Quadrature-based smoothers for strongly varying problems

John R. Baumgardner

Los Alamos National Laboratory

Paul O. Frederickson

Cray Research, Inc. and Los Alamos National Laboratory


Abstract

Smoothers can have a strong effect on both the convergence rate of a multigrid algorithm and on the cost per iteration. The potential for improvement of convergence is particularly high when the problem being solved is one with strongly varying coefficients, and some smoothers are very expensive when used on a massively parallel computer.

We describe an algorithm for generating a sparse matrix Z that serves very well as a parallel smoother, with nearly optimal convergence rate. Moreover, the algorithm which constructs Z is itself highly parallel, and uses only local information about the sparse matrix A that the multigrid algorithm is inverting.

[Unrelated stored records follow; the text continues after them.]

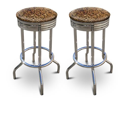Buy 2 Cheetah Print Animal Faux Fur 29'' Specialty Chrome Barstools Bar Stools Now
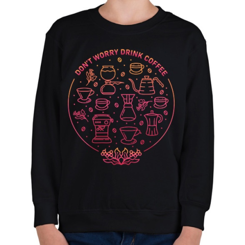 1 kép PRINTFASHION Ne aggódj, igyál kávét! - Gyerek pulóver - Fekete
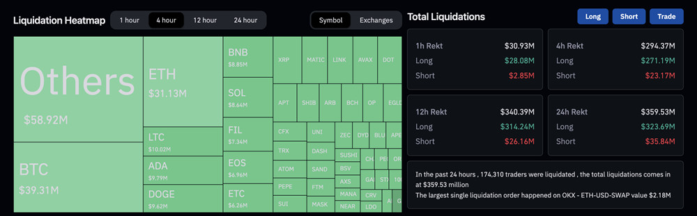 急杀的行情中,让不少投资者亏损,据Coinglass数据显示,光过去1小时内全网爆仓就超过3千万美元,而过去24小时爆仓3.5亿美元。
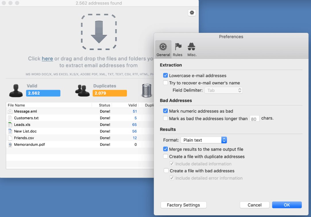 - Очень высокая скорость извлечения электронных адресов
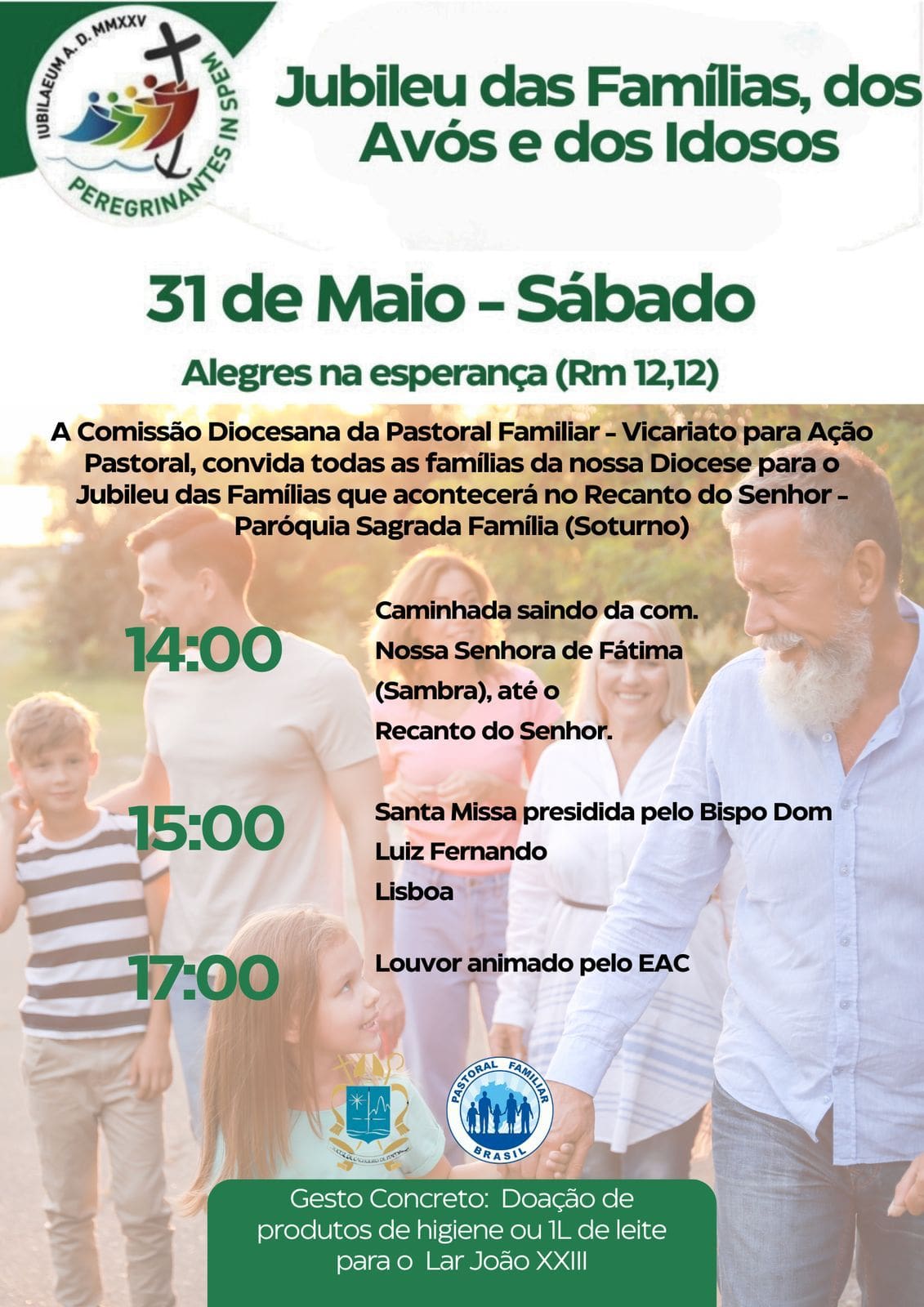 O bispo fez um convite caloroso a toda a comunidade: “Queridos membros da Pastoral Familiar, dos encontros familiares que temos na Diocese, no próximo dia 31 de maio vamos realizar o Jubileu das Famílias, dos Avós e dos Idosos. Queremos chamar todos os avós, os idosos, os casais, as famílias. Organizem-se em suas paróquias, tragam também viúvos e todos aqueles que possam se juntar a nós nesse grande momento de oração e esperança.”
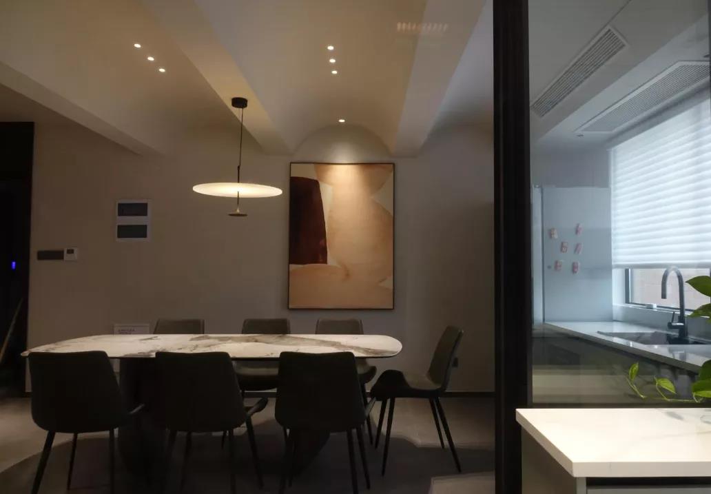 在客餐厅的设计上,设计师突出“社交空间”的理念,尽量打破空间之间的隔断,使整个空间可以成为家人、好友零间隙的交流和畅谈的场所。同时,关注空间的灵活性及延伸感,每个区域之间的关系不是孤立的,而是相互相融的。
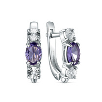 Серьги-пусеты из серебра с кристаллами премиум Австрия мистик розовый родированн
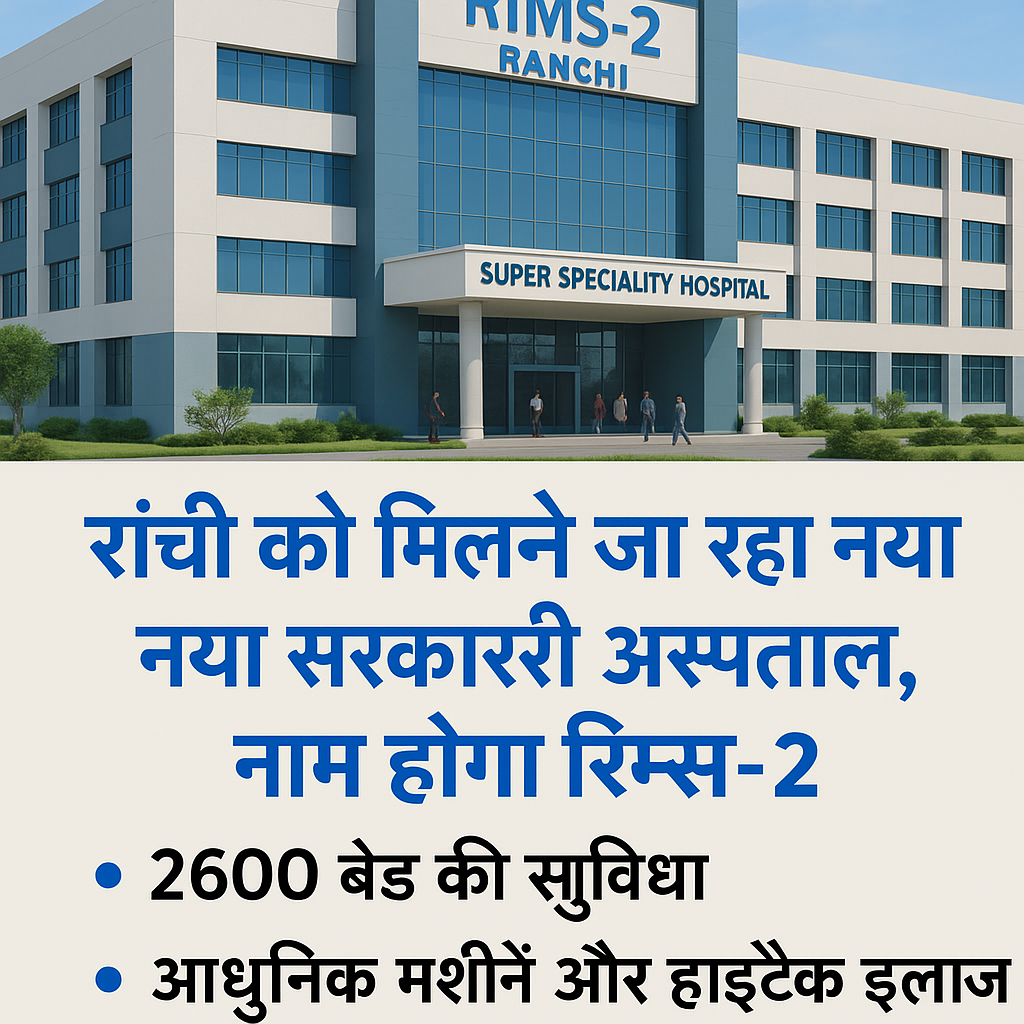 रांची के लोगों के लिए बड़ी खबर है। अब इलाज के लिए दिल्ली या दूसरे शहरों में नहीं जाना पड़ेगा, क्योंकि रांची में ही एक नया 2600 बेड वाला अस्पताल बनने जा रहा है। इसका नाम होगा रिम्स-2।

Our smoother Z is defined by means of a quadrature over the null-space of the projection operator. More specifically, Z is defined to minimize a quadratic functional the main component of which is a quadrature approximation to a weighted L_2 norm of the residual after one iteration. The minimization may be constrained by equations the smoother should satisfy in particular situations. In particular, we usually constrain the smoother to have a given sparsity pattern. This may be taken to be the sparsity pattern of the sparse matrix A, but this is certainly not the only pattern one may wish to consider.

We observe that these quadrature based smoothers are very close to the best smoothers of the same sparsity pattern, and far superior to the more usual sparse smoothers.